Therapy is well-tolerated in allogeneic haematopoietic cell transplantation (HCT) patients
Priothera – a company focusing on the development of its S1P receptor modulator compound – has announced positive data from the phase 1b clinical trial evaluating mocravimod.
Mocravimod is a sphingosine 1 phosphate receptor modulator, which has been previously tested in multiple autoimmune indications, and is being developed to enhance the curative potential of HCT.
The treatment involved allogeneic haematopoietic cell transplantation patients and assessed the safety and tolerability of mocravimod. The secondary objectives were to establish the pharmacokinetic profile of the drug as well as to assess GvHD-free, relapse-free survival at six months following the last treatment.
Research discovered that mocravimod can safely be added to standard treatment regimens in patients with haematological malignancies requiring allo-HCT. Furthermore, CD4+ T cells were more sensitive to mocravimod treatment than CD8+ T cells.
Mocravimod resulted in a considerable reduction of circulating lymphocyte numbers and had no negative impact on engraftment and transplant outcomes.

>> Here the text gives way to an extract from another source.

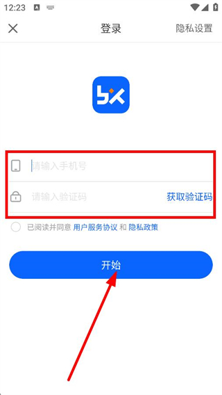 3、在登录页面,输入手机号和验证码,点击开始,完成登录操作。

Meanwhile, a global phase 2b/3 study assessing the efficacy and safety of mocravimod as an adjunctive and maintenance therapy in acute myeloid leukaemia patients is due to begin in the coming months.
Elisabeth Kueenburg, chief medical officer at Priothera, explained: “Mocravimod’s mode of action has already been well established in autoimmune indications, and the phase 1b trial shows that its potential also extends to haematology.”
“We believe mocravimod has the potential to be a first-in-class therapy in maintaining graft-versus-leukaemia responses, one of the most serious complications of allogeneic HCT, while preventing graft-versus-host disease,” she added.
Florent Gros, co-founder and chief executive officer of Priothera, concluded: “The positive phase 1b data reinforces the potential for mocravimod to improve survival outcomes for patients with haematological malignancies requiring HCT. We’re looking forward to building upon this foundation with our upcoming pivotal phase 2b/3 trial and advancing our lead asset towards its next significant milestones.”